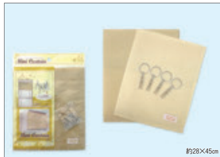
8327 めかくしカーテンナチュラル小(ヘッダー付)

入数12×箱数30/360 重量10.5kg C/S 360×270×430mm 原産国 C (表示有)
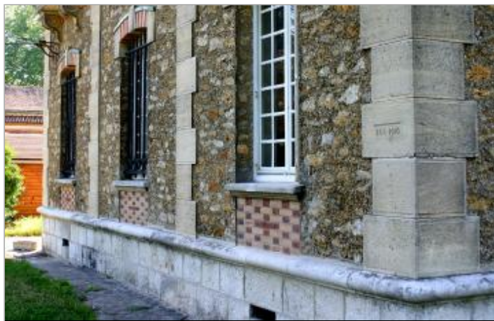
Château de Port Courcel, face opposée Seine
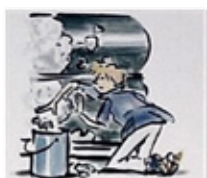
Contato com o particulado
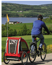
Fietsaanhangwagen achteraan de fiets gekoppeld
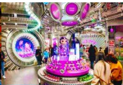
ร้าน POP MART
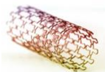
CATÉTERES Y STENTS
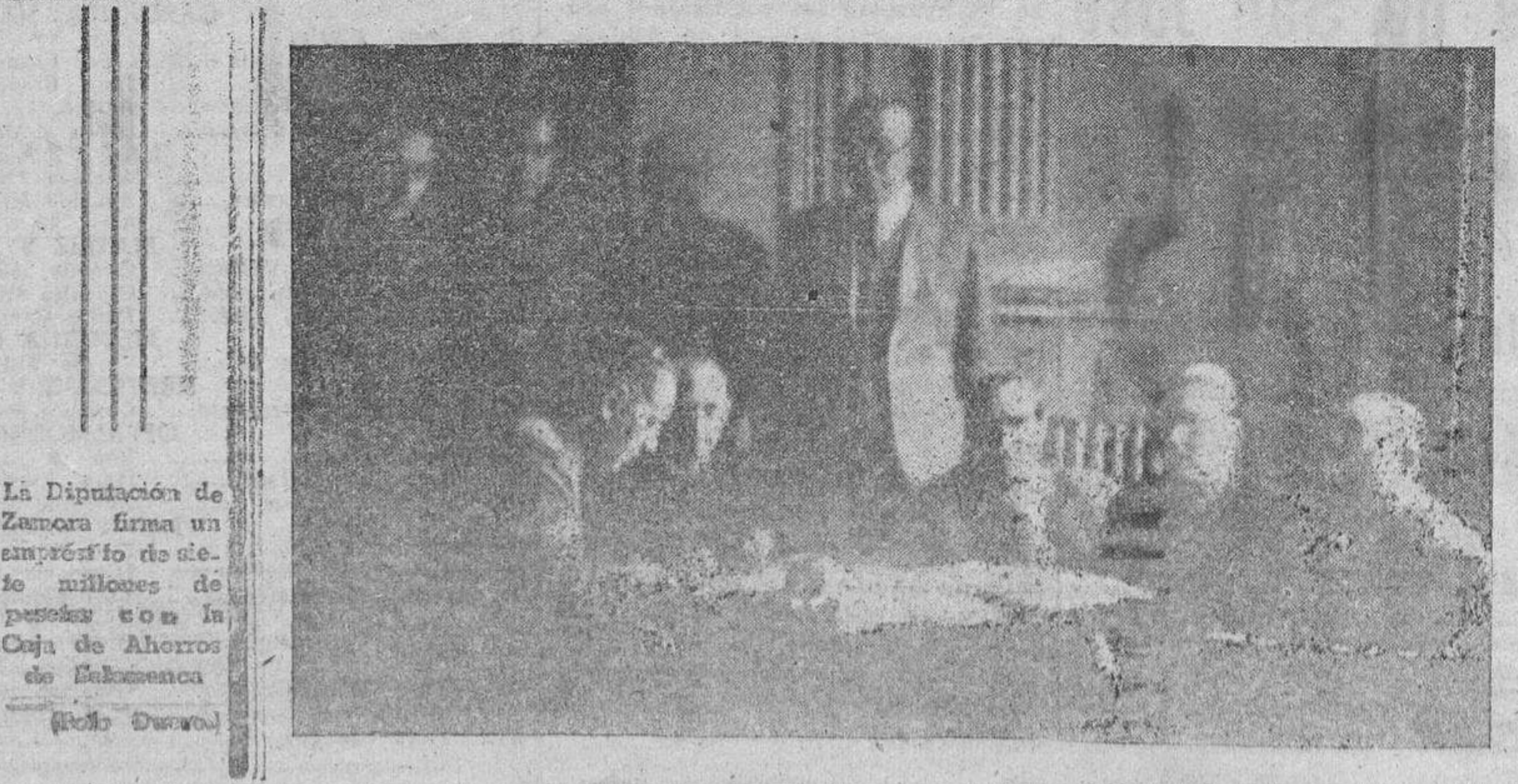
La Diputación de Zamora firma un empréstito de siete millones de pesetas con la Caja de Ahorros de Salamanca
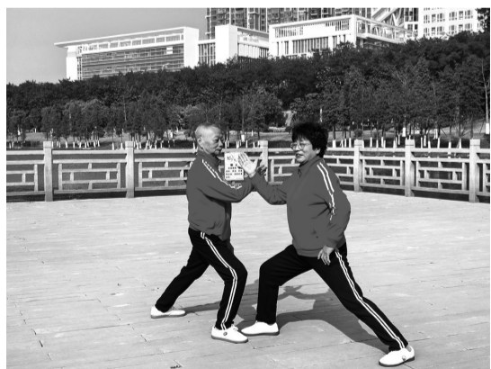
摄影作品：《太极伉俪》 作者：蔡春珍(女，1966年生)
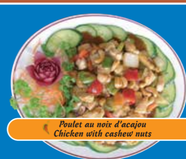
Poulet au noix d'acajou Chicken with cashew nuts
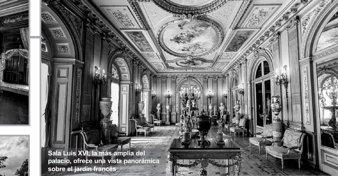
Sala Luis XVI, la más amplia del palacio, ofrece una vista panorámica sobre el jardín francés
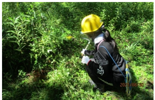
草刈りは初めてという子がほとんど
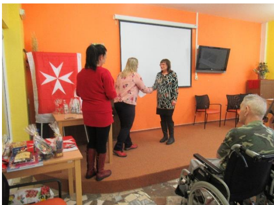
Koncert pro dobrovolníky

*WHAT YOU HAVE TO DO:* Without altering a word, return all of the records above and leave out their pictures.

*RESULT FOR THIS EXERCISE:*
8327 めかくしカーテンナチュラル小(ヘッダー付)

入数12×箱数30/360 重量10.5kg C/S 360×270×430mm 原産国 C (表示有)
Château de Port Courcel, face opposée Seine
Contato com o particulado
Fietsaanhangwagen achteraan de fiets gekoppeld
ร้าน POP MART
CATÉTERES Y STENTS
La Diputación de Zamora firma un empréstito de siete millones de pesetas con la Caja de Ahorros de Salamanca
摄影作品：《太极伉俪》 作者：蔡春珍(女，1966年生)
Poulet au noix d'acajou Chicken with cashew nuts
Sala Luis XVI, la más amplia del palacio, ofrece una vista panorámica sobre el jardín francés
草刈りは初めてという子がほとんど
Koncert pro dobrovolníky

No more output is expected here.